AVAILABLE DATA:
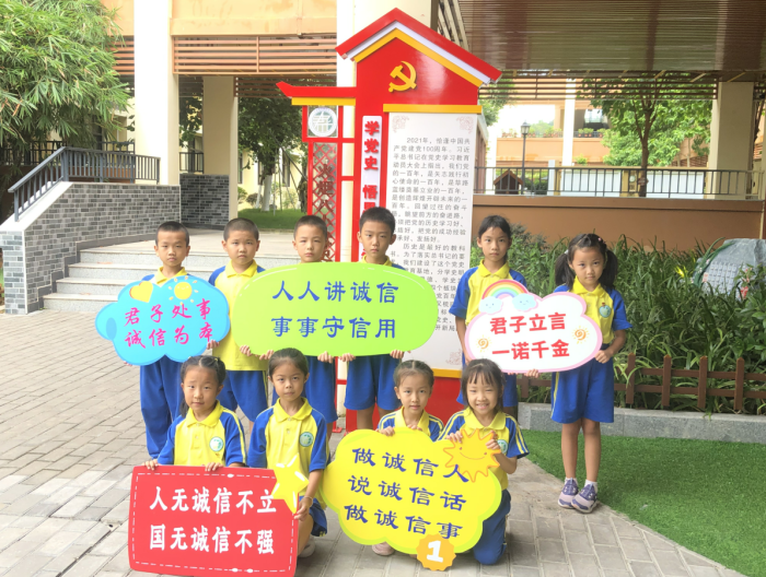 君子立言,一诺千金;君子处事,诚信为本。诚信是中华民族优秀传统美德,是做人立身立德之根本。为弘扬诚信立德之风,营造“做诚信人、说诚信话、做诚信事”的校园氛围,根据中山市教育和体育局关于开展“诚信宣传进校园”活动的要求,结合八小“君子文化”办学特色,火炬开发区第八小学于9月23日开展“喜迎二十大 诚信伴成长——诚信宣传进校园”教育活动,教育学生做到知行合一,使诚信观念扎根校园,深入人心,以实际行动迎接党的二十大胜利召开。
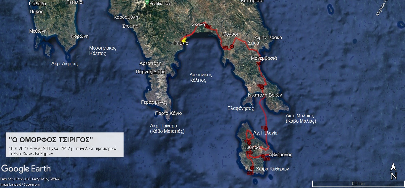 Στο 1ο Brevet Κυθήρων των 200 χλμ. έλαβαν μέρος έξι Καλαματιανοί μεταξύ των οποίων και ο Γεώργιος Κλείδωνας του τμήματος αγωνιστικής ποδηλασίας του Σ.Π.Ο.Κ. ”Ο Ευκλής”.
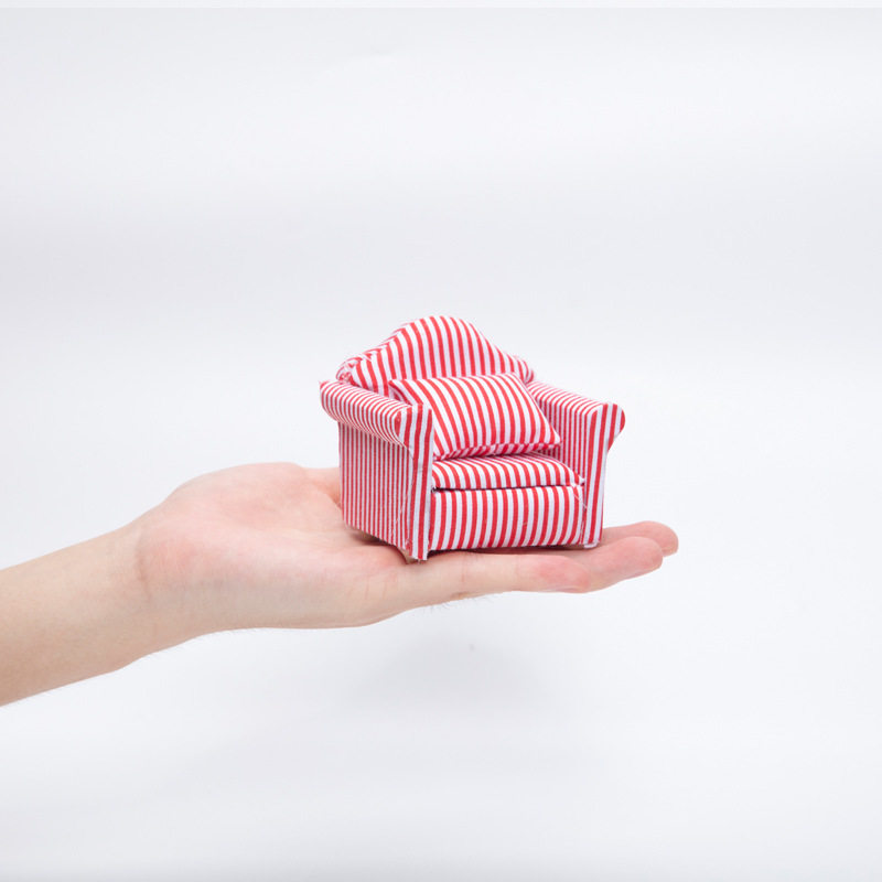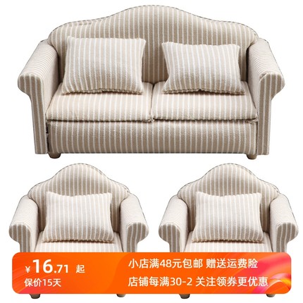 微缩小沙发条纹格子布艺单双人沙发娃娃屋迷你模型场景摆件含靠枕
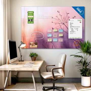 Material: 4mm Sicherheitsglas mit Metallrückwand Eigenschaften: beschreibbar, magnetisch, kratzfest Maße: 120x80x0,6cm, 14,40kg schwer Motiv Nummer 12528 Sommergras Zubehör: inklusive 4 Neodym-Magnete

PROBLEM DETAILS:
Leave every picture out and copy precisely the lines from the one containing "Στο 1ο Brevet" through the last line of the data above, both ends included.

REPLY TO THE TASK:
 Στο 1ο Brevet Κυθήρων των 200 χλμ. έλαβαν μέρος έξι Καλαματιανοί μεταξύ των οποίων και ο Γεώργιος Κλείδωνας του τμήματος αγωνιστικής ποδηλασίας του Σ.Π.Ο.Κ. ”Ο Ευκλής”.
 微缩小沙发条纹格子布艺单双人沙发娃娃屋迷你模型场景摆件含靠枕
 Material: 4mm Sicherheitsglas mit Metallrückwand Eigenschaften: beschreibbar, magnetisch, kratzfest Maße: 120x80x0,6cm, 14,40kg schwer Motiv Nummer 12528 Sommergras Zubehör: inklusive 4 Neodym-Magnete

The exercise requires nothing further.